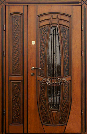 Морозостойкая дверь в широкий проем с глухим полотном стеклом и ковкой №30
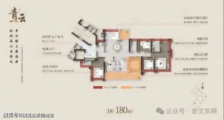 180㎡五房:专梯专户+9米跑道阳台,5.9米大开间客厅,双主套设计,纯改善大平层体验。
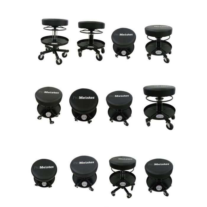 Oumbärlig i alla verkstäder, t e x vid fram- och bakvagnsarbeten, rekonditionering och lackering. Kraftig stål/plåtkonstruktion med mjuk och bekväm sittdyna. Sätet justerbart i hjödled från 42 – 53 cm. Praktisk hylla under sitsen som kan roteras 360 grader. Tippstabil och smidig att förflytta genom 5 st 75 mm hjul. Max belastning: 150 kg.

» **Problem requirements**: Repeat the material verbatim but without any of its pictures.

» **Response to this task**:
 Морозостойкая дверь в широкий проем с глухим полотном стеклом и ковкой №30
 180㎡五房:专梯专户+9米跑道阳台,5.9米大开间客厅,双主套设计,纯改善大平层体验。
 Oumbärlig i alla verkstäder, t e x vid fram- och bakvagnsarbeten, rekonditionering och lackering. Kraftig stål/plåtkonstruktion med mjuk och bekväm sittdyna. Sätet justerbart i hjödled från 42 – 53 cm. Praktisk hylla under sitsen som kan roteras 360 grader. Tippstabil och smidig att förflytta genom 5 st 75 mm hjul. Max belastning: 150 kg.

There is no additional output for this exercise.